- WHAT YOU NEED TO DO
Return every line of the records, exact and in full, until you have returned the line with "7鹵水牛肚絲做法:隻需撈起牛肚絲和雞蛋一開二就可上碟。", and include none of the pictures.

- RECORD EXTRACTS
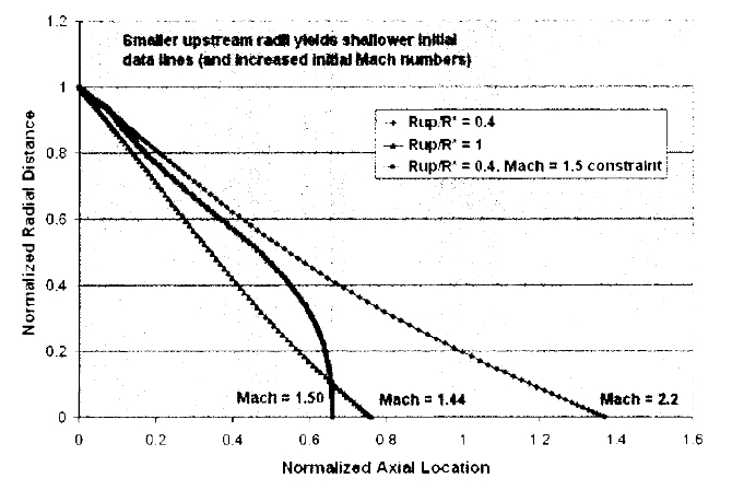 상류 반경 매개변수는 초기 데이터 라인에 상당한 영향을 미칩니다. 상류 반경이 증가함에 따라 계산된 유속은 거의 1/(Rup+1)만큼 증가합니다. 다음 그림은 두 개의 상류 반경에 대한 초기 데이터 라인을 보여줍니다. 마하 1.5 제약 조건 없이 반경을 고려했을 때, 상류 반경이 감소함에 따라 계산된 마하 수는 증가합니다. 이로 인해 계산된 유동 각도가 얕아지므로 구성된 RRC가 하류로 이동합니다. 경우에 따라 이는 노즐 해석에 어려움을 초래할 수 있습니다. 다음 그림의 세 번째 줄은 마하 1.5 제약 조건을 적용한 해석 결과를 보여주며, 안정적인 데이터 선을 나타냅니다. 마하 제약 조건과 선의 형상은 임의로 설정되었습니다. 이 도구는 다양한 노즐 설계에서 이 방법이 효과적인 것으로 입증되었기 때문에 이 방법을 사용합니다.
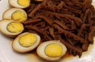 7鹵水牛肚絲做法:隻需撈起牛肚絲和雞蛋一開二就可上碟。
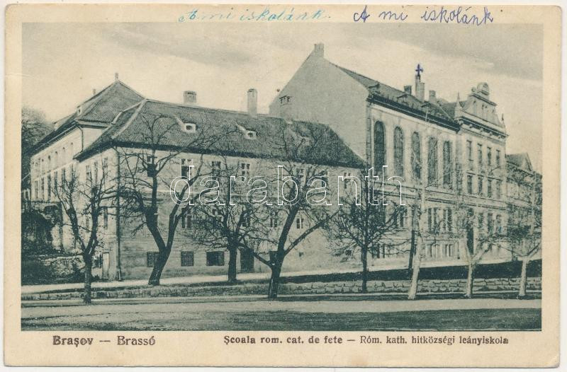 Brassó, Kronstadt, Brasov; Scoala rom. cat. de fete / Római katolikus ... https://www.darabanth.com/hu/472-Gyorsarveres/472.0/Kepeslapok/Erdely~1500007/Brasso-Kronstadt-Brasov-Scoala-rom-cat-de-fete-Romai-katolikus-leanyiskola-Foto-Keresztes~II3198883
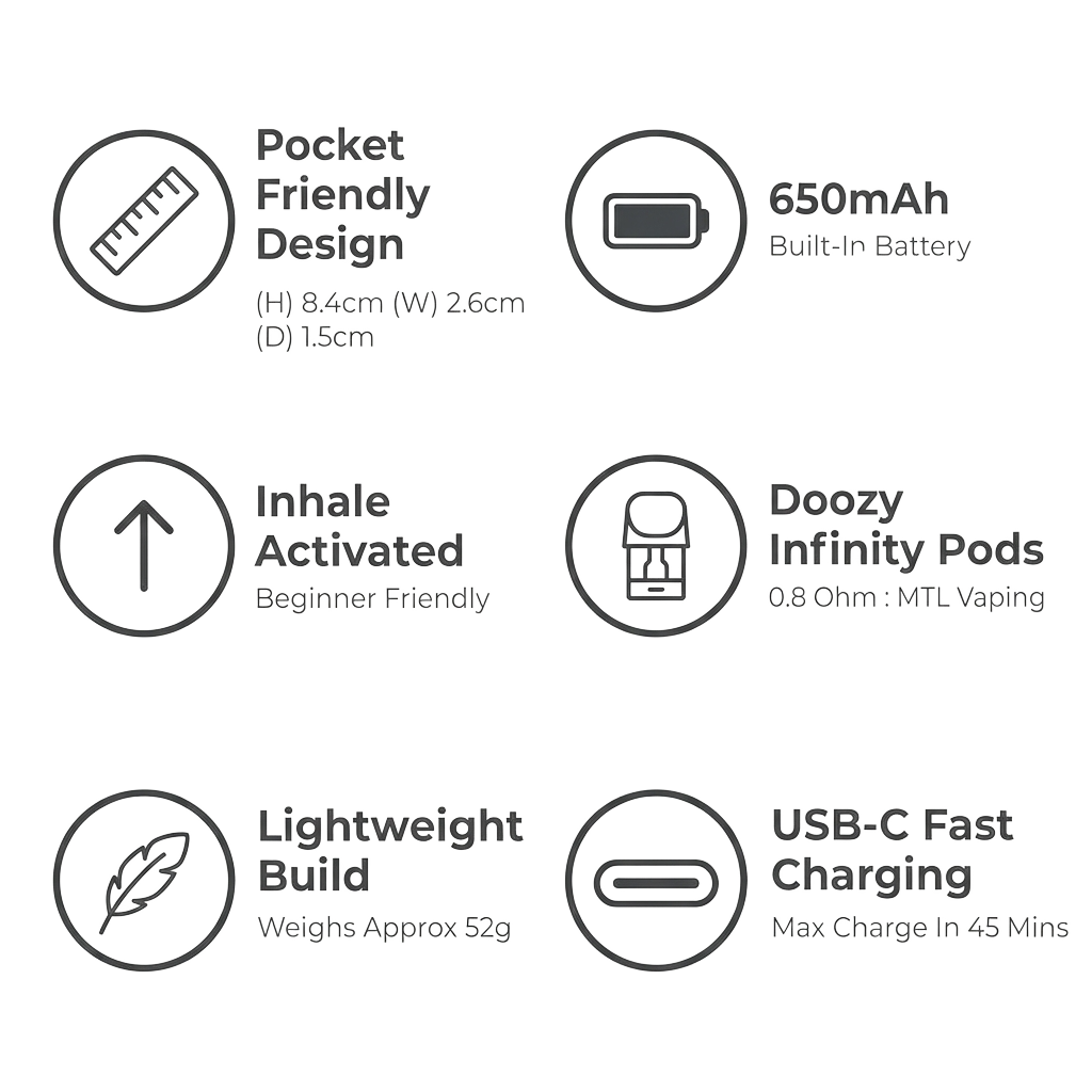 If you're after a small refillable kit that feels close to a disposable in day-to-day use, the Doozy Infinity is a strong shout. Setup is dead simple, the draw is properly MTL, and the 0.8Ω pod gives clear flavour with 50/50 e-liquids and nic salts.
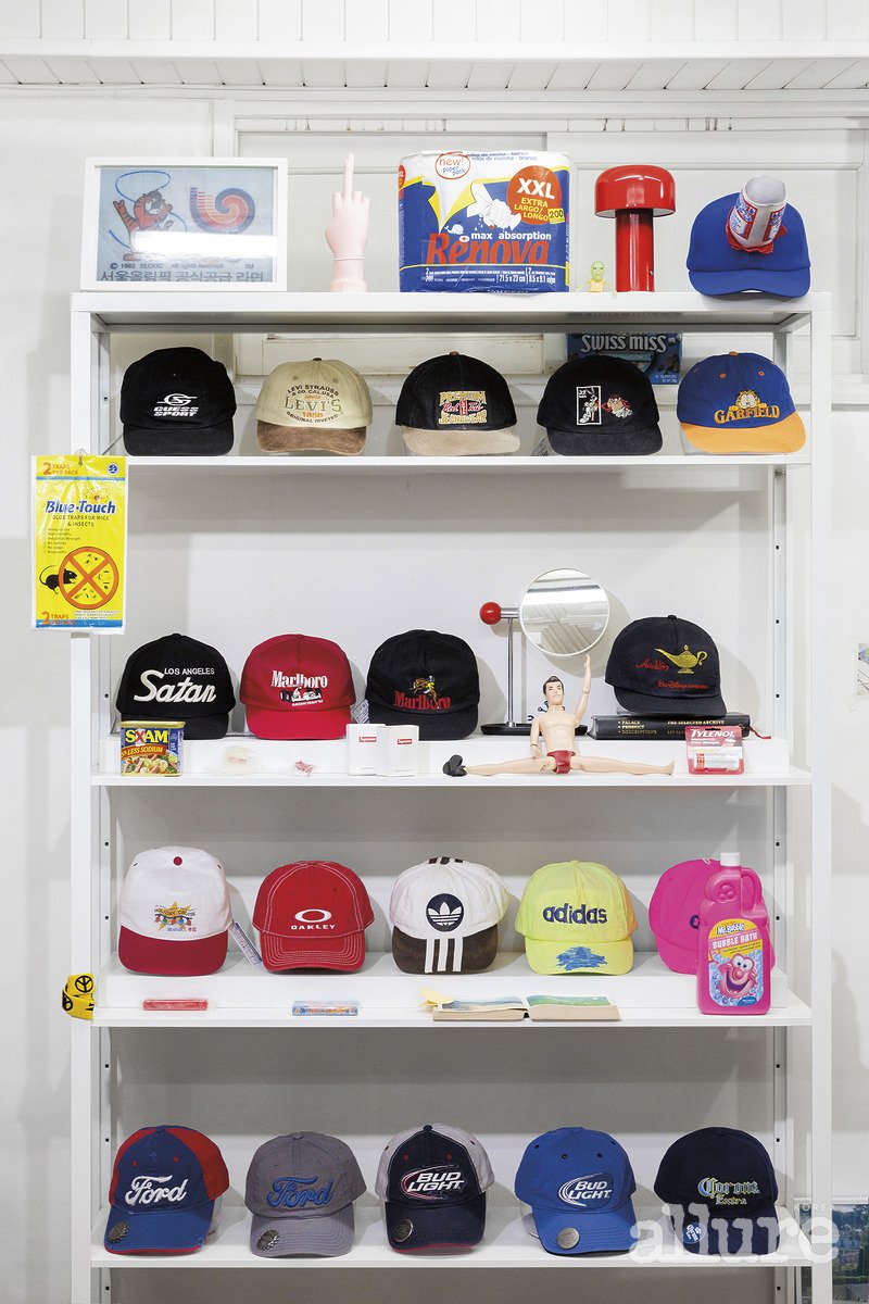 가장 중요한 건 ‘직감’이다. 브랜드와 시즌, 명성 같은 건 차치하고 가장 먼저 눈에 들어와야 한다. 라벨 없는 모자가 명품보다 더 매력적인 순간도 있다. 그리고 많게는 3000피스까지 가져올 때가 있는데, 모두 직접 써보고 착용감과 컨디션을 체크한 후 판매 기준에 적합한 제품만 고른다.

- TASK RESPONSE
 상류 반경 매개변수는 초기 데이터 라인에 상당한 영향을 미칩니다. 상류 반경이 증가함에 따라 계산된 유속은 거의 1/(Rup+1)만큼 증가합니다. 다음 그림은 두 개의 상류 반경에 대한 초기 데이터 라인을 보여줍니다. 마하 1.5 제약 조건 없이 반경을 고려했을 때, 상류 반경이 감소함에 따라 계산된 마하 수는 증가합니다. 이로 인해 계산된 유동 각도가 얕아지므로 구성된 RRC가 하류로 이동합니다. 경우에 따라 이는 노즐 해석에 어려움을 초래할 수 있습니다. 다음 그림의 세 번째 줄은 마하 1.5 제약 조건을 적용한 해석 결과를 보여주며, 안정적인 데이터 선을 나타냅니다. 마하 제약 조건과 선의 형상은 임의로 설정되었습니다. 이 도구는 다양한 노즐 설계에서 이 방법이 효과적인 것으로 입증되었기 때문에 이 방법을 사용합니다.
 7鹵水牛肚絲做法:隻需撈起牛肚絲和雞蛋一開二就可上碟。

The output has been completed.